Material Capabilities
DDM produces parts in hundreds of standard alloys compatible with both air-melt and vacuum-melt foundry processes. All castings meet ASTM standards and Investment Casting Institute stated ranges.
| Category | Alloys |
| Stainless Steels | 304, 316, 17-4 PH, 15-5 PH, CF3M |
| Aluminum | A356, A357, A380 |
| Nickel (Air-Melt) | Inconel 625, Inconel 718 |
| Superalloys (Vacuum) | IN 713LC, MAR-M247, IN100, CMSX-4 |
| Directionally Solidified | René 141, René 80, René 142 |
| Single Crystal | CMSX-4, René N5 |
| Tool Steels | S7 Tool Steel |
| Medical | Cobalt Chromium Moly (ASTM F75) |
Conclusion
The age of tooling-dependent investment casting is ending. Ceramic 3D printing has reached the maturity, resolution, and throughput required to serve production applications across the most demanding industries in the world.
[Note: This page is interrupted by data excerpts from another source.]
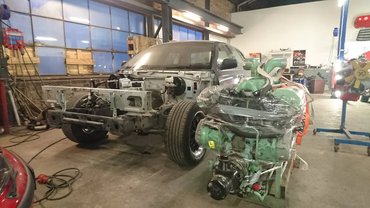 Az 5,9 literes, sorhatos, tizenkét szelepes turbódízel beépítese nem volt épp egyszerű feladat, de a műtét sikeres lett, és elkészült ez a szokatlan szerkezet. Vannak apró hiányosságok: például a hatalmas turbó és a hozzá tartozó csövek miatt nem fért fel a motorháztető. Valószínűleg ez nem is baj, hiszen így jobban látszik, hogy mennyire agyament dologról is van szó.
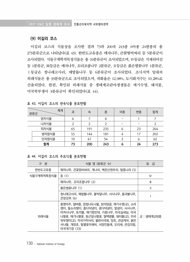2017 DMZ 일원 생태계 조사 민통선이북지역 서부평야권역 130 ? National Institute of Ecology 9 이길리 코스 이길리 코스의 식물상을 조사한 결과 73과 200속 243종 6아종 24변종의 총 273분류군으로 나타났다 표 43 한반도고유종은 매자나무, 큰꽃땅비싸리 등 5분류군이 조사되었다. 식물구계학적특정식물은 총 10분류군이 조사되었으며, Ⅳ등급은 식재되어진 등 1분류군, Ⅲ등급은 매자나무, 꼬리조팝나무 2분류군, Ⅱ등급은 붉은병꽃나무 1분류군, Ⅰ등급은 청나래고사리, 매발톱나무 등 6분류군이 조사되었다. 조사지역 일대의 외래식물은 총 33분류군으로 조사되었으며, 귀화율은 12.08%, 도시화지수는 10.28%로 산출되었다. 한편, 확인된 외래식물 중 생태계교란야생생물은 애기...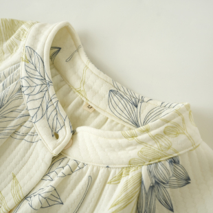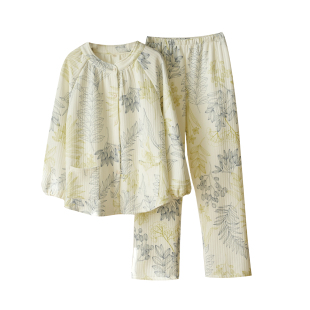 秋冬款 长裤 睡衣起居服长袖 女士纯棉复古印花空气层立领家居套装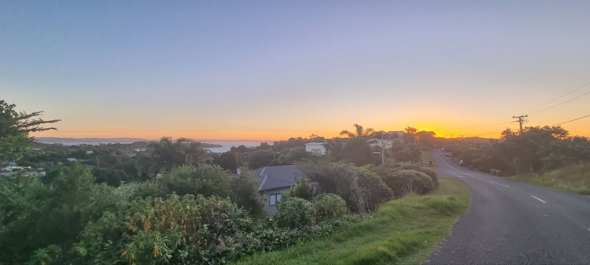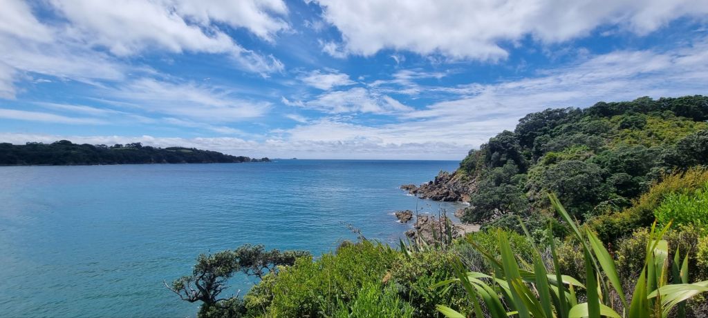Decidimos ir a vivir nuestros últimos dos meses en Nueva Zelanda allí. Encontramos para alquilar (con mucha suerte) una casa con vista al mar por cinco semanas junto con Chris. Aqui la vista de nuestro balcón, soñado:

DDM Systems’ LAMP™ technology and DirectPour™ process represent the most advanced implementation of this transformation. Backed by 26+ patents, over a decade of development, DARPA and ARPA-E funding, and partnerships with organizations including GE, Signicast, and the U.S. Air Force, DDM is the only company delivering tooling-free precision castings as an end-to-end service.
For manufacturers facing long lead times, high tooling costs, and supply chain fragility, the Digital Foundry™ offers a fundamentally better path forward.